REQUIREMENT — Only the lines below from the one that contains "We also know" through the one that contains "Tři čtvrtiny finančních" should appear in your answer, exact and without pictures.

>>

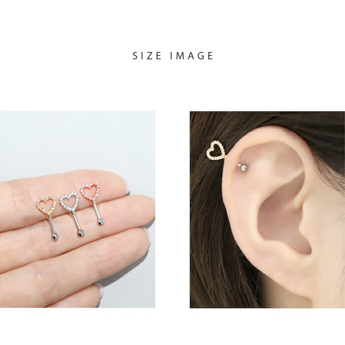 t9192-109 軟骨ピアス 16G ボディピアス サージカルステンレス つけっぱなし 金属アレルギー 金属アレルギー対応 ハート ストレートバーベル シルバー ゴールド ピンクゴールド トアンテナヘリックスピアス ピアス キラキラ ジルコニア 片耳用
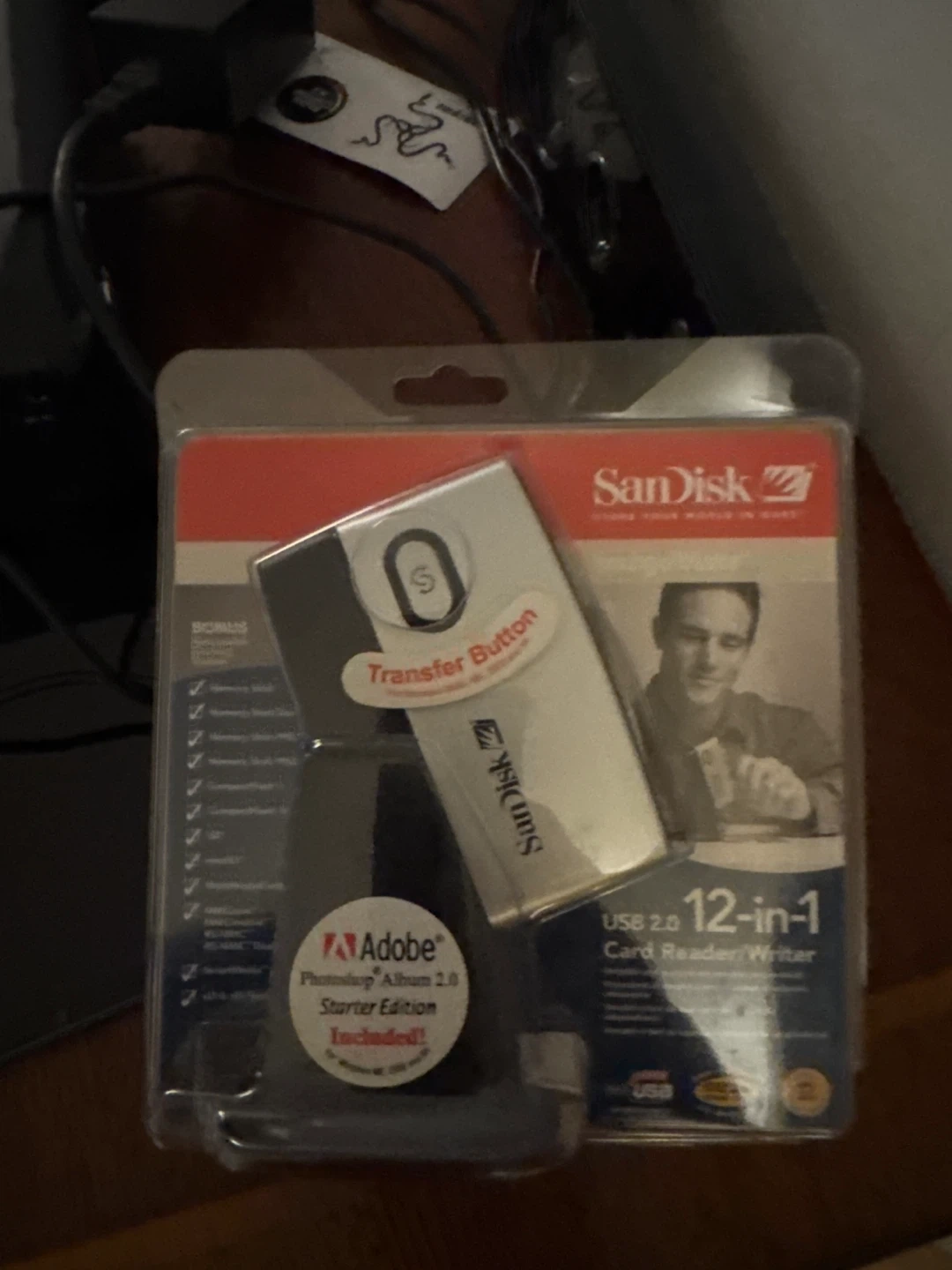 This SanDisk 12-in-1 card reader/writer offers fast and easy transfer between memory card and computer. It's USB 2.0 certified and includes Adobe Photoshop Album 2.0 Starter Edition. Minimum system requirements include a Pentium PC or Macintosh computer with USB support.
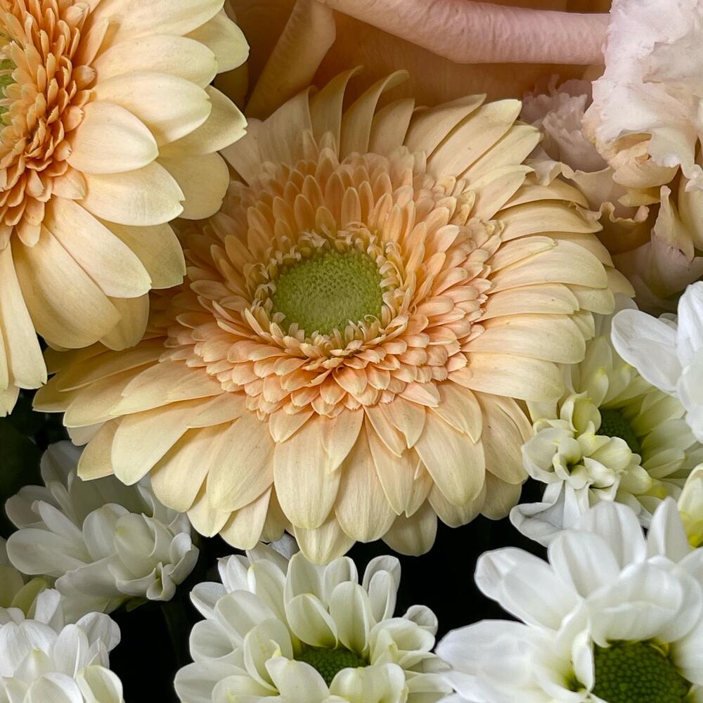Категории: Герберы, Лизиантусы, Розы, Хризантемы
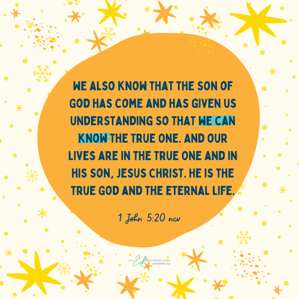 We also know that the Son of God has come and has given us understanding so that we can know the True One. And our lives are in the True One and in his Son, Jesus Christ. He is the true God and the eternal life.
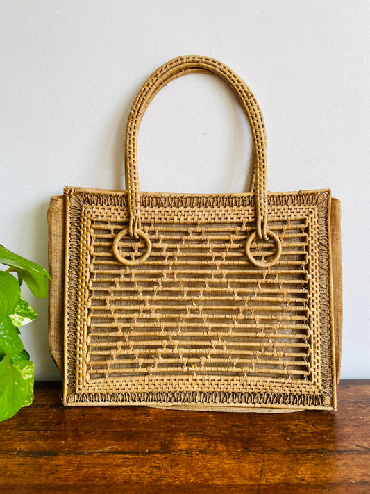 Woven Straw Rattan with Mesh Sides Purse
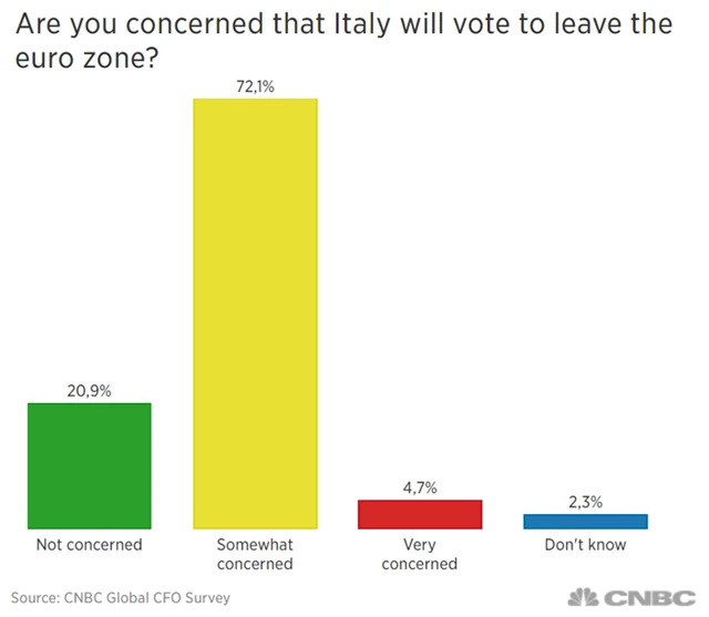 Tři čtvrtiny finančních ředitelů firem, kteří se vyjádřili ve čtvrtletním průzkumu CNBC Global CFO Council, má menší či větší obavy z případného odchodu Itálie z eurozóny.
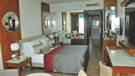 Winter Wanneer je tussen 01-11-2025 en 06-04-2026 in deze accommodatie verblijft, is onderstaande informatie van toepassing. * Ligging * Gelegen op een heuvel * Gelegen aan het privéstrand * Gesloten in het winterseizoen * Ligbedden * Parasol * Centrum van Side op circa 3 kilometer * Dichtstbijzijnde winkel op circa 500 meter * Dichtstbijzijnde restaurant op circa 500 meter * Dichtstbijzijnde bar op circa 500 meter * Bushalte op circa 50 meter * Algemeen & faciliteiten * 3 gebouwen * Maximaal 6 verdiepingen * 511 kamers * Receptie * 24 uur per dag * Lobby * 7 liften * Lift in elk gebouw * Bagageruimte * Wifi in alle openbare ruimtes * 7 winkels * Minimarkt * Wasservice tegen betaling * Doktersservice tegen betaling * Tuin * Privé parkeergelegenheid * Restaurants & bars * Buffetrestaurant * 5 à-la-carterestaurants (vooraf reserveren) * Chinees restaurant * Open tussen ca. april en oktober * Italiaans restaurant * Restaurant met verschillende specialiteiten * Turks restaurant * Visrestaurant * Patisserie * Roomservice tegen betaling * 7 drinkgelegenheden * 3 bars * Eén van deze bars is gesloten in het winterseizoen * Beachbar * Discobar * Lobbybar * Poolbar * Gesloten in het winterseizoen * Activiteiten & ontspanning * Aerobics * Basketbal * Biljart tegen betaling * Boccia * Bowling tegen betaling * Darts * Fitness * Tafeltennis * Tennis * Watersporten tegen betaling * Spa Center * Sauna * Hamam behandelingen tegen betaling * Bubbelbad binnen * Massages tegen betaling * Schoonheidsbehandelingen tegen betaling * Gameroom * Animatie voor volwassenen * Meerdere keren per week * Shows * tussen ca. april en oktober * Livemuziek * tussen ca. april en oktober * Zwembaden * 4 buitenzwembaden * Een aantal van deze zwembaden is gesloten in het winterseizoen * Relaxbad * Eén van deze zwembaden is verwarmd tussen ca. november en maart * Eén van deze zwembaden heeft meerdere glijbanen * De glijbanen hebben verschillende openingsperiodes * Gesloten in het winterseizoen * 2 buitenzwembaden voor kinderen * Gesloten in het winterseizoen * Binnenzwembad * Gesloten in het zomerseizoen * Verwarmd tussen ca. november en april * Binnenzwembad voor kinderen * Gesloten in het zomerseizoen * Zonneterras * Ligbedden * Parasol * Badhanddoekenservice * Kinderfaciliteiten * Mini club (4-12 jaar)- * Teenage club (12-16 jaar) * Gesloten in het winterseizoen * Minidisco * Buitenspeeltuin * Babybedje als preferentie toe te voegen in het boekingsformulier * Verzorging * Ultra All Inclusive * Ontbijt in buffetvorm (07.00-10.00 uur) * Laat ontbijt in buffetvorm (10.00-10.30 uur) * Lunch in buffetvorm (12.30-14.00 uur) * Diner in buffetvorm (18.30-20.30 uur) * Dineren in één van de à-la-carterestaurants 1 keer per verblijf bij een verblijf van minimaal 7 nachten * Snacks (14.00-15.30 uur) * Koffie, thee & koekjes (11.00-17.00 uur) * Middernachtsnack (23.00-07.00 uur) * Selectie geïmporteerde drankjes(10.00-00.00 uur) * Selectie lokale (non-)alcoholische drankjes (10.00-00.00 uur) * Tegen betaling: drankjes in flessen, import drankjes en roomservice * Goed om te weten * Duurzaamheidslabel(s): Green KeyHotelkamers * 2-persoonskamer Voordeel DE * Speciaal tarief * Locatie, formaat, uitzicht en/of faciliteiten kunnen afwijken ten opzichte van andere kamertypes * Op de begane grond * Airconditioning * Kluisje * Televisie * Telefoon tegen betaling * Eet- en drinkfaciliteiten * Koffie- en theefaciliteiten * Minibar * Badkamer douche, toilet en föhn * Wifi * Geen balkon of terras * 2-persoonskamer Standaard DZ * Oppervlakte tussen 23 en 28 m² * Airconditioning * Kluisje * Televisie * Telefoon tegen betaling * Eet- en drinkfaciliteiten * Koffie- en theefaciliteiten * Minibar * Badkamer douche, toilet en föhn * Wifi * Balkon (zitje) * 2-persoonskamer Standaard Zeezicht DZM * Oppervlakte tussen 23 en 28 m² * Zeezicht * Airconditioning * Kluisje * Televisie * Telefoon tegen betaling * Eet- en drinkfaciliteiten * Koffie- en theefaciliteiten * Minibar * Badkamer douche, toilet en föhn * Wifi * Balkon (zitje) * 2-persoonskamer Terras DT * Oppervlakte van circa 28 m² * Airconditioning * Kluisje * Televisie * Telefoon tegen betaling * Eet- en drinkfaciliteiten * Koffie- en theefaciliteiten * Minibar * Badkamer douche, toilet en föhn * Wifi * Terras (zitje) * 2-persoonskamer Terras Whirlpool DTJ * Oppervlakte van circa 28 m² * Airconditioning * Kluisje * Televisie * Telefoon tegen betaling * Eet- en drinkfaciliteiten * Koffie- en theefaciliteiten * Minibar * Badkamer douche, toilet en föhn * Wifi * Terras (zitje, bubbelbad) * 2-persoonskamer Swimup DW * Oppervlakte circa 25 m² * In het hoofdgebouw * Airconditioning * Kluisje * Televisie * Telefoon tegen betaling * Eet- en drinkfaciliteiten * Koffie- en theefaciliteiten * Minibar * Badkamer douche, toilet en föhn * Wifi * Terras (zitje) * Directe toegang tot het gedeelde zwembad * Familiekamer Standaard Zwembadzicht FZP * Oppervlakte van circa 33 m² * Zwembadzicht * 2 slaapkamers * Airconditioning * Kluisje * Televisie * Telefoon tegen betaling * Eet- en drinkfaciliteiten * Koffie- en theefaciliteiten * Minibar * Badkamer douche, toilet en föhn * Wifi * Balkon of terras (zitje) * Familiekamer Standaard Zeezicht FZM * Oppervlakte van circa 33 m² * Zeezicht * Airconditioning * Kluisje * Televisie * Telefoon tegen betaling * Eet- en drinkfaciliteiten * Koffie- en theefaciliteiten * Minibar * Badkamer douche, toilet en föhn * Wifi * Balkon of terras (zitje) * Suite Standaard Zeezicht UZM * Oppervlakte circa 35 m² * Zeezicht * Airconditioning * Kluisje * Televisie * Telefoon tegen betaling * Eet- en drinkfaciliteiten * Koffie- en theefaciliteiten * Minibar * Badkamer douche, toilet, föhn, badjassen en badslippers * Wifi * Balkon of terras (zitje)

<<

EXERCISE RESPONSE —
 We also know that the Son of God has come and has given us understanding so that we can know the True One. And our lives are in the True One and in his Son, Jesus Christ. He is the true God and the eternal life.
 Woven Straw Rattan with Mesh Sides Purse
 Tři čtvrtiny finančních ředitelů firem, kteří se vyjádřili ve čtvrtletním průzkumu CNBC Global CFO Council, má menší či větší obavy z případného odchodu Itálie z eurozóny.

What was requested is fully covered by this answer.